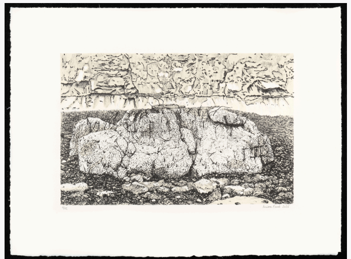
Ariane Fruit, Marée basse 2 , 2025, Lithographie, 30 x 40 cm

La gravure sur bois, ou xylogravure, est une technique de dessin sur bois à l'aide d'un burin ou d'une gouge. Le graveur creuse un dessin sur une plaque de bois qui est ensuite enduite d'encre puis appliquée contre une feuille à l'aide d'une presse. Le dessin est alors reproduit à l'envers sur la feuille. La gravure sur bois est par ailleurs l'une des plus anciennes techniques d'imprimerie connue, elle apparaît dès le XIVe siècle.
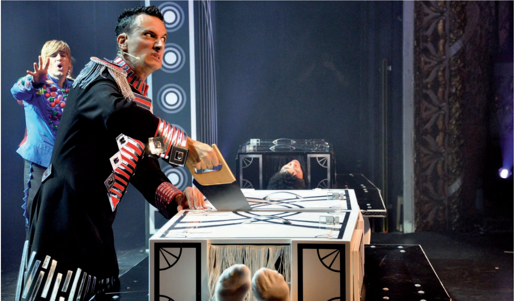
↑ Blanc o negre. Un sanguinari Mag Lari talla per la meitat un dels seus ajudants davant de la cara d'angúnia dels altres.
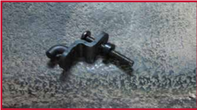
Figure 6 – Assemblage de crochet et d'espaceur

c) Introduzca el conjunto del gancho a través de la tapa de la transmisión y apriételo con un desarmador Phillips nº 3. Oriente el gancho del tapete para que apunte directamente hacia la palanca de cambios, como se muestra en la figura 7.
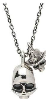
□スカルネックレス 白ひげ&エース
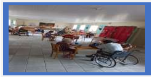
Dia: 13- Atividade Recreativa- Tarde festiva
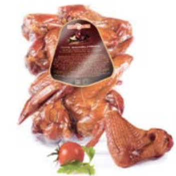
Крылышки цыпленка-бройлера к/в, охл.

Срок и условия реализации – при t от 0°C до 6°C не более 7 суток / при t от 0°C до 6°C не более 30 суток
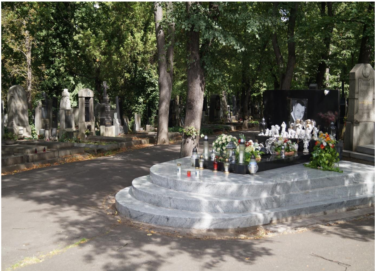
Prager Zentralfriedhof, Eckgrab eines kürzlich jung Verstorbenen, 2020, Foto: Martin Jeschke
########
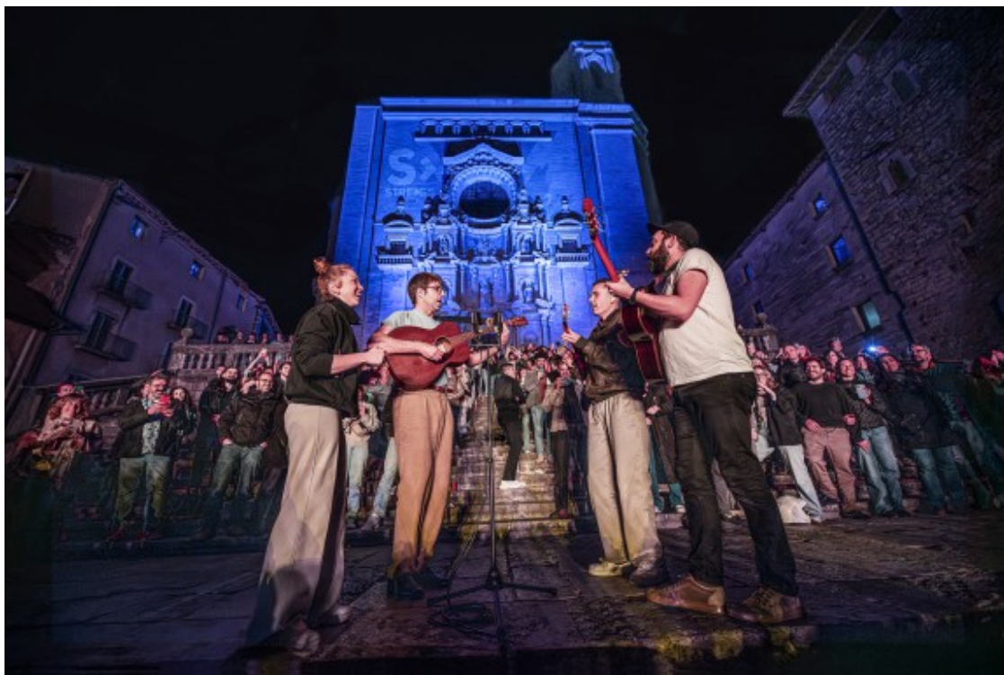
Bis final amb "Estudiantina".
########
EXERCISE INSTRUCTIONS
Everything above from the line containing "Dia: 13- Atividade Recreativa- Tarde festiva" down to the line containing "Prager Zentralfriedhof, Eckgrab" is to be duplicated exactly, both lines included, and the pictures are to be omitted.

OUTPUT OF THE TASK
Dia: 13- Atividade Recreativa- Tarde festiva
Крылышки цыпленка-бройлера к/в, охл.

Срок и условия реализации – при t от 0°C до 6°C не более 7 суток / при t от 0°C до 6°C не более 30 суток
Prager Zentralfriedhof, Eckgrab eines kürzlich jung Verstorbenen, 2020, Foto: Martin Jeschke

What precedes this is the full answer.